Aku menoleh, kaget dan tak mengerti.
“Ia bisa tersenyum, kesal dan ekspresi lainnya dan itu terlihat dari hatinya, biasanya jika denganku, ia hanya tersenyum, berkata lemah lembut dan tak neko-neko. Namun, saat denganmu, aku melihat sisi lain dari dalam dirinya.”
Aku tak bisa menahan senyumku, malu-malu kulihat wajah yang masih ayu meski sudah beranak tiga.
“Mungkin karena saya memang tipikal orang menyebalkan, Bu.”
“Bisa jadi, atau mungkin ada hal lain? Dia menyukaimu dan biasanya instingku sebagai wanita tidak salah.”
Aku teringat perilaku Mufti tadi, setelah aku mengambilkan nasi untuknya, ia malah pindah tempat. Tidak mungkin Mufti memiliki rasa seperti yang dituduhkan Bu Annisa. Lalu atas dasar apa, wanita hamil tua itu berkata semacam itu? Entah kenapa, aku jadi nelangsa.
Suara bedug mengagetkan aku, disusul suara adzan berkumandang di langit ashar. Suara muadzinnya mendayu dan indah. Aku jadi ingat nasehat ibuku. Saat hatimu gundah, sedih dan campur aduk, maka ingatlah Allah, hati menjadi tenang.
Sepertinya, aku harus berterima kasih pada muadzin itu. Ia membuatku berhenti berpikir macam-macam tentang Mufti. Suara adzan itu lembut, kupejamkan mata lalu menyahut adzan. Sungguh, aku sangat bersyukur karena dengan suara itu, aku kembali pada alam sadarku, melupakan hatiku yang ganjil. Baiklah, niatku ke sini untuk praktek tugas akhir, bukan hal lain. Dan, seperti kata ibuku, meskipun kamu wanita, jangan lantas menurutkan perasaan, berjalanlah sesuai takdir Allah dan teruslah menatap ke depan, karena masa lalu hanya boleh dilihat sepintas, bukan orientasi langkahmu.

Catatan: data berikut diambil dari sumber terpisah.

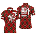 Custom Golf Men Polo Shirt - Custom Name Christmas Pattern Apparel - Personalized Gift For Golf Lover, Men, Team, Husband - Swing Swear Drink Repeat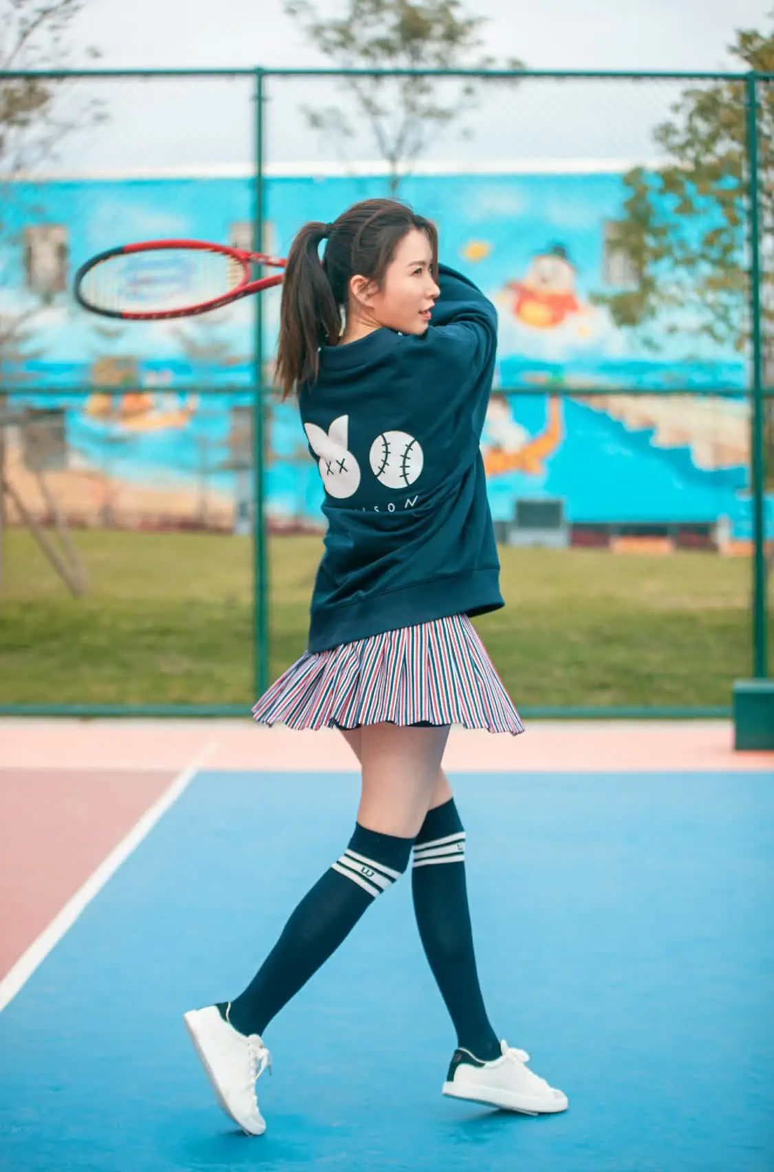 日前,徐洁儿在社交平台晒出一组网球运动美图,并配文表示自己化身Tennis girl,“来身兔年网球ootd,新的一年继续动如脱兔、活力健康!”,引发粉丝强烈关注。照片中徐洁儿高马尾发型元气满满,身穿深蓝色运动卫衣搭配条纹短裙,纤细美腿令人心动;深蓝色长筒袜与卫衣相得益彰,脚踏白色运动球鞋,再加上徐洁儿招牌的女神微笑,满屏都是青春和活力的气息。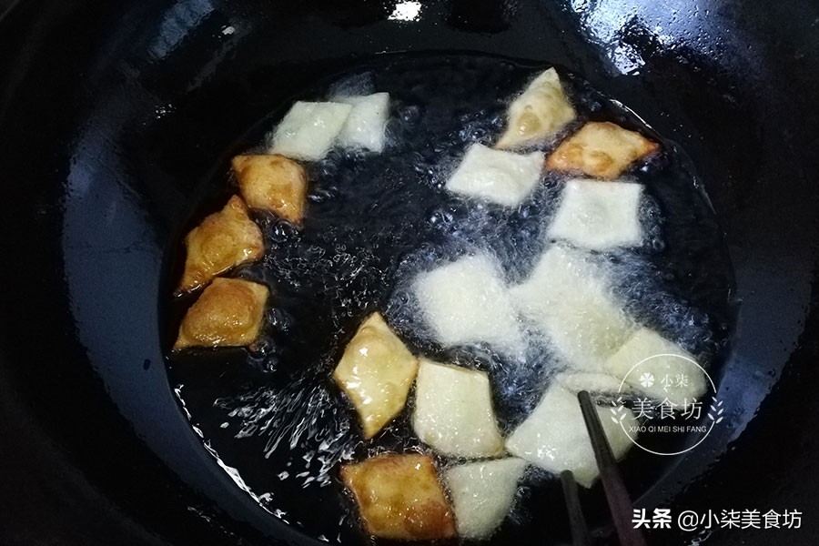 第八步:锅里倒入油,油温烧至5成热,用筷子头试下有小泡,把面片下进锅里,小火慢炸,面片飘起来翻面。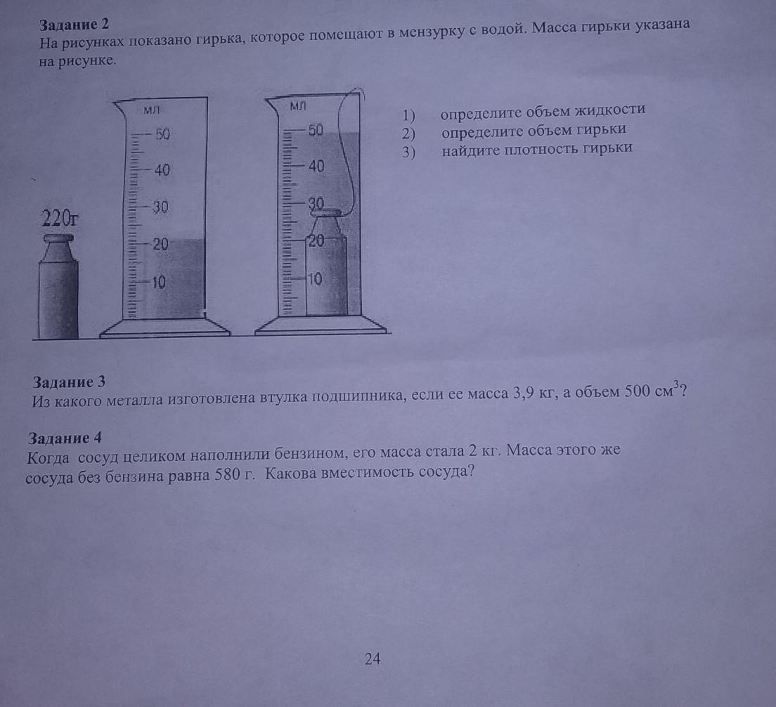 2)объём гирьки=49(см.на последний рисунок)-20=29мл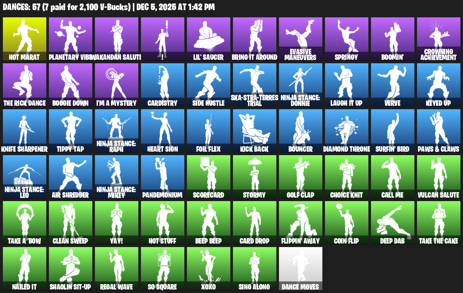 Hot Marat, Planetary Vibe, Wakandan Salute, !, Lil’ Saucer, Bring it around, Evasive Maneuvers, Springy, Boomin’, Crowning Achievement, Boogie Down, I’m a Mystery, Cardistry, Side Hustle, Ska-stra-terrestrial, Ninja Stance: Donnie, Verve, Keyed Up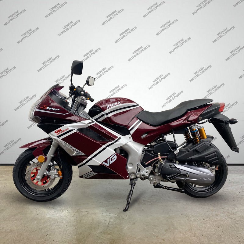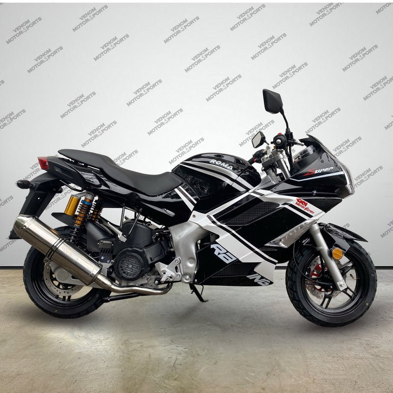 Introducing the all-new FULLY AUTOMATIC Venom X18RS 150cc motorcycle. This model is equipped with the all new GY6 150cc Automatic Engine + Transmission. The X18RS Roma 150cc motorcycle is the newest sport learning motorcycle.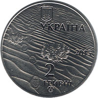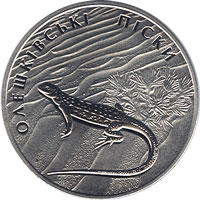 На реверсі монети на матовому тлі пустельного пейзажу зображено ящірку, угорі півколом - напис ОЛЕШКІВСЬКІ ПІСКИ. |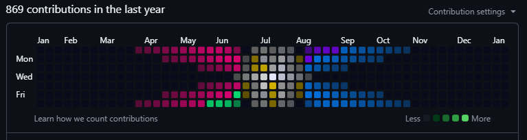 retroWave: ['#FF6EC7', '#FF4081', '#FF00BF', '#EA00D9', '#BF00FF', '#8E00FF', '#7200FF']The setter() function maps contribution intensity to these colors. Low activity? Dark colors. High activity? Bright, vibrant colors. I also added two color picking modes: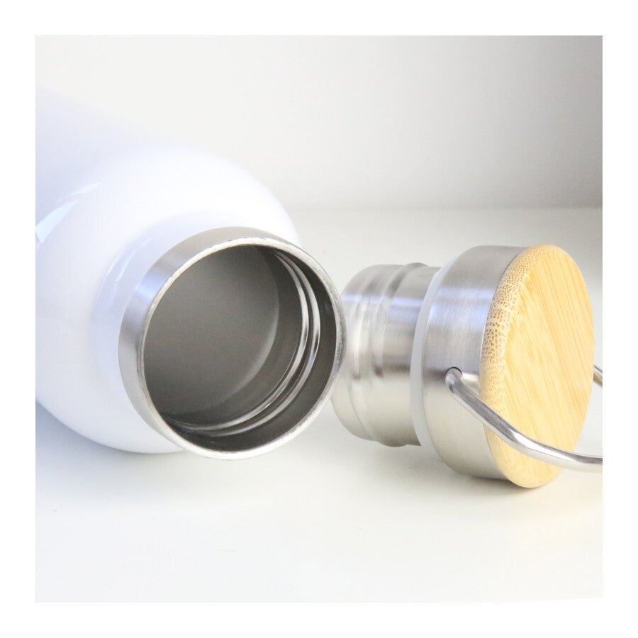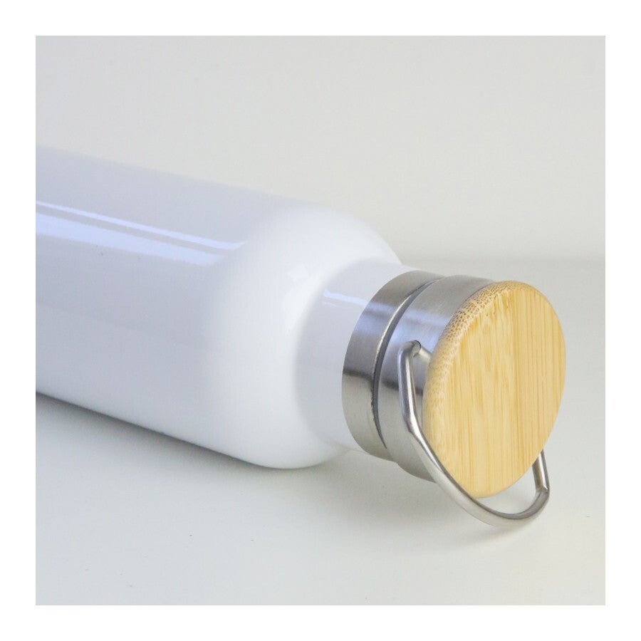 Borraccia Termica ACCIAIO Doppia Parete Tappo in Legno 600 ml. H 25 cm. Ø 7,2 cm.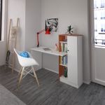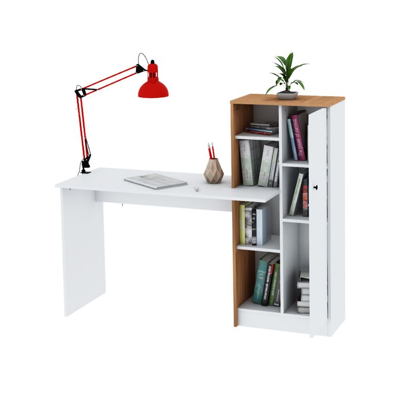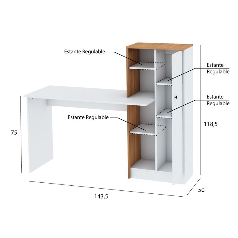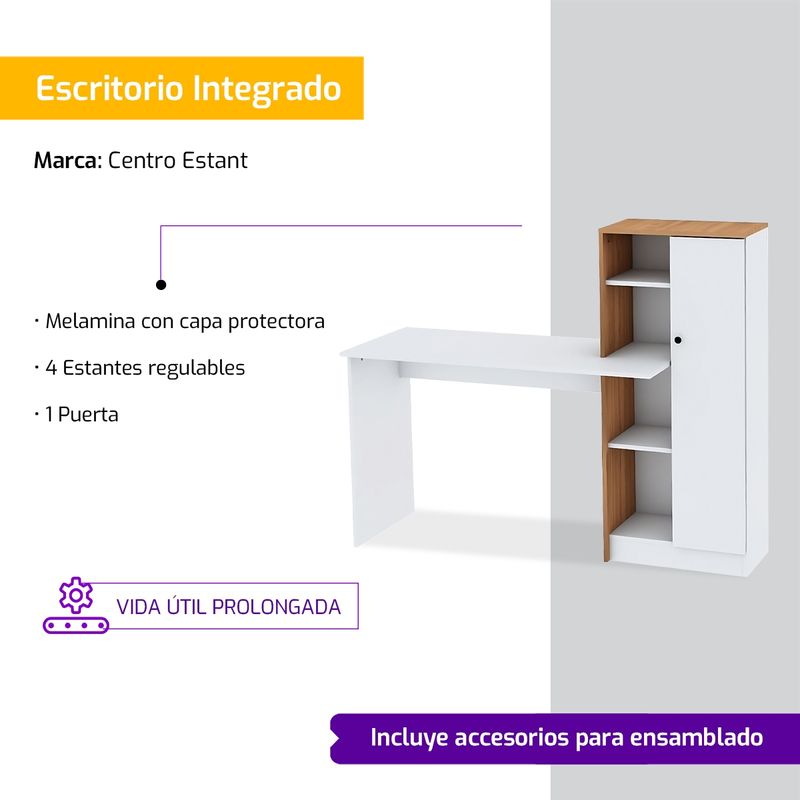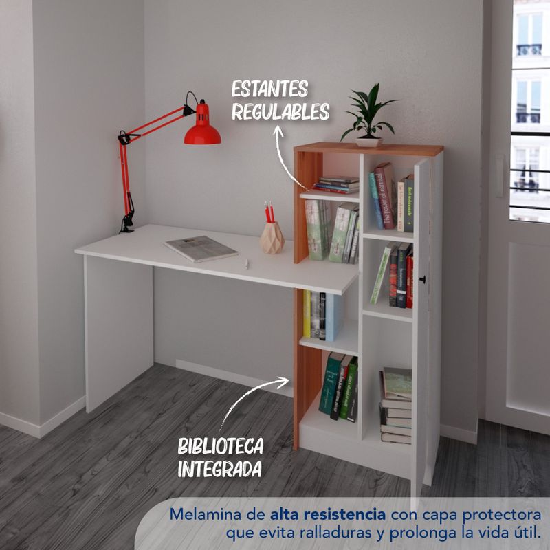 Escritorio de melamina de un tamaño ideal para ubicarlo en cualquier rincón de la casa. Se puede adaptar a una pared amplia como a cualquier otro sector. Contiene un mueble organizador para que organices tu hogar como más te guste.

Wanita adalah kuat.
Dan adzan yang berkumandang di langit saat ini membuat hatiku hangat dan basah.
“Mufti suaranya indah, kan?” Tanya Annisa padaku, ia mengerling. Aku tergagap menyadari siapa pemilik suara muadzin tadi.
***
Lelaki hamper paruh baya itu menatapku dengan lembut, kelopak matanya memejam dan mengelus jenggotnya yang berwarna hitam kecoklatan.
“Saya sangat berterima kasih, Bapak dan Ibu bersedia menampung saya, terima kasih juga pada Kak Mufti.”
“Kau yakin akan tinggal di mess?” Lelaki itu memutar bola matanya pada Mufti yang menunduk dan memainkan jari-jarinya. Aku mengangguk yakin.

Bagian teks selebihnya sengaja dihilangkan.